Italian Renaissance lawyer, judge and diplomat

Giustina Rocca (died 1502) was an Italian Renaissance lawyer, judge and diplomat. She has been called the world's first female lawyer and is claimed as an inspiration for the character of Portia in Shakespeare's play Merchant of Venice.

==Life==
Giustina Rocca was born in Trani in the second half of the fifteenth century, the daughter of Orazio Rocca, orator at the Senate of Naples. She married the Royal Captain Giovanni Antonio Palagano, with whom she had four children. Her daughter Cornelia died before the age of twenty in 1492.

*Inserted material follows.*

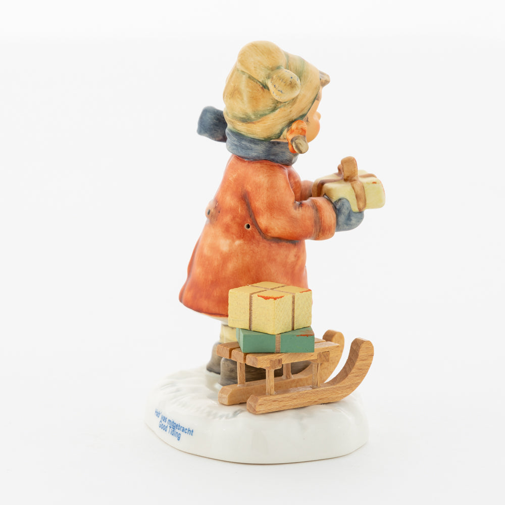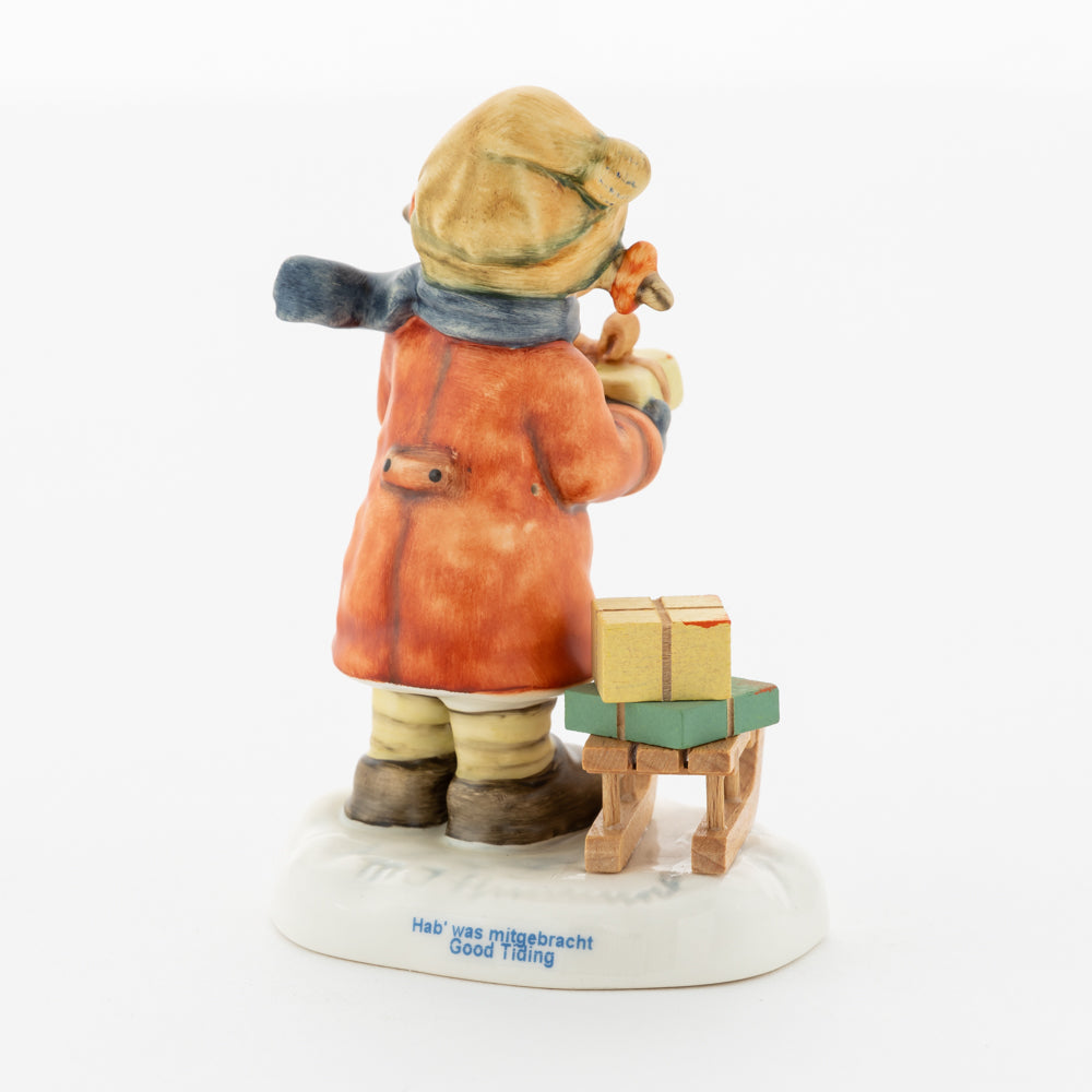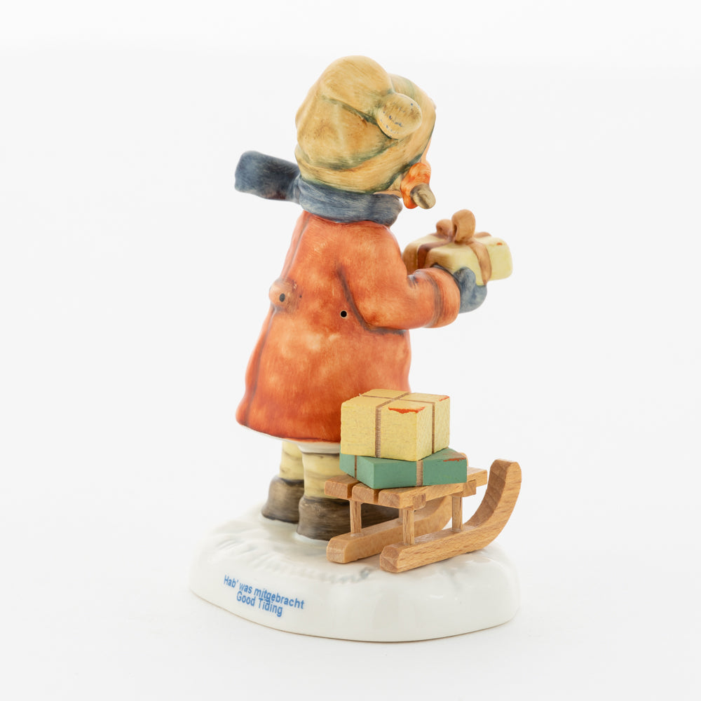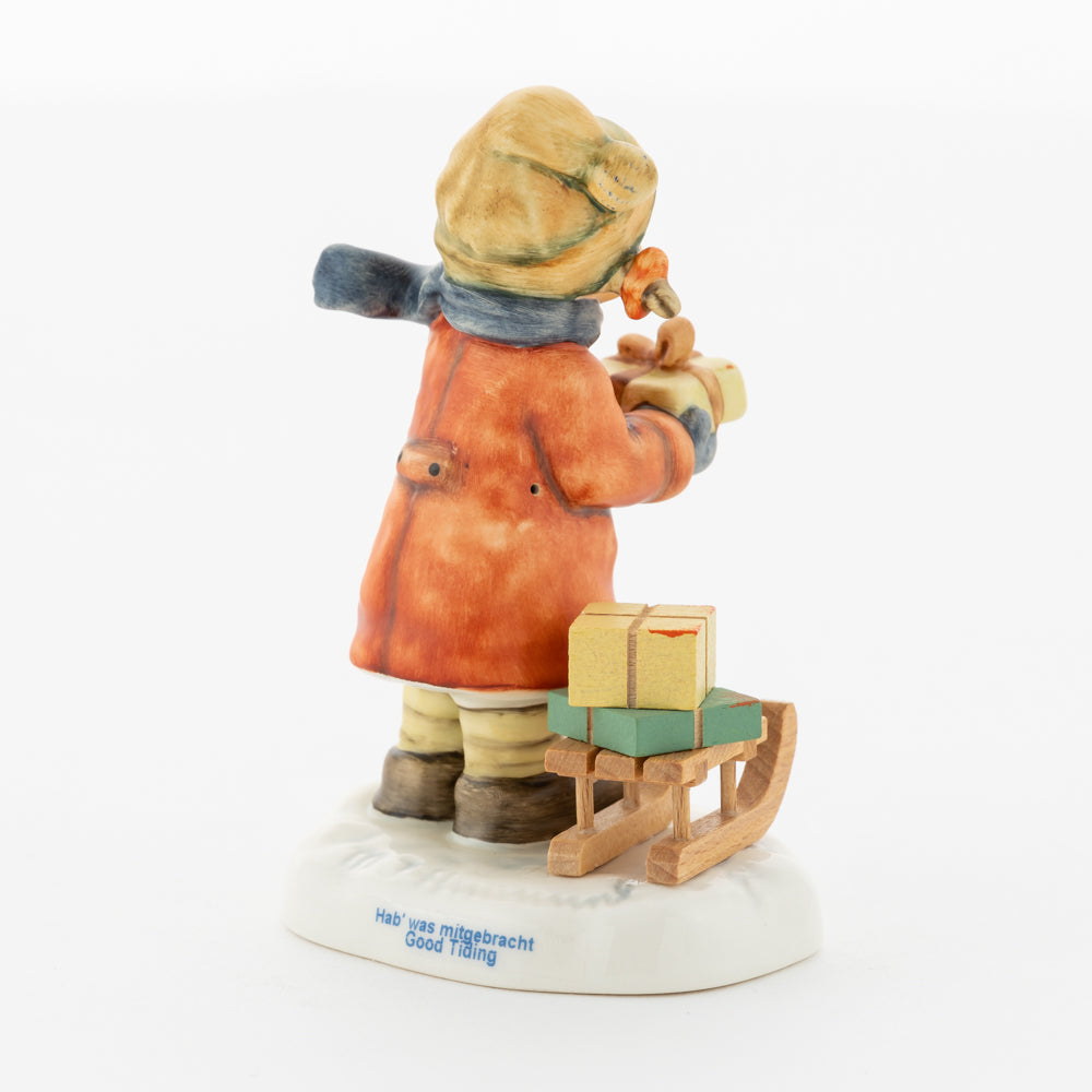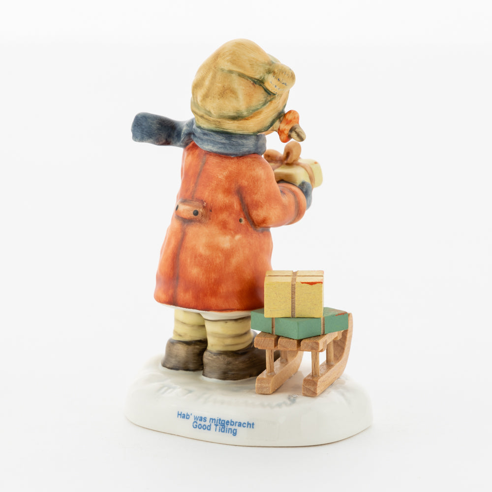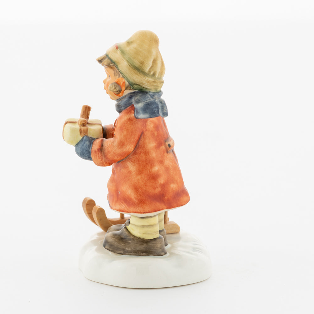 Wie bitte, das Geschenk ist wirklich für mich? Das ist aber lieb von Dir! Was da wohl drin ist? Das niedliche Hummel-Mädchen blickt dem Betrachter direkt in die Augen. Es ist als wolle sie ihm ihr Geschenk überreichen. Ist es nicht rührend, wie es an seine Lieben gedacht hat? Das entzückende Hummel-Kind mit einem Schlitten voller Geschenke entwarf Modelleur Helmut Fischer im Jahr 2003.

Rocca was a lawyer at the Court of Trani, and is traditionally regarded as having specialized in delicate diplomatic issues between Trani and Venice. On 8 April 1500, she pronounced an arbitration sentence before the Venetian governor of Trani, Ludovico Contarini. In her last wishes, dictated to a notary on 10 June 1501, she asked to be buried in Trani Cathedral next to the tomb of her daughter Cornelia.

==Memorialization==

Rocca's life was celebrated in Tractatus de iure patronatus (1533), by the Trani jurist Cesare Lambertini.

The Rocca tower in Luxembourg was completed in 2019 as an addition to the headquarters of the Court of Justice of the European Union. It is the tallest building in the country.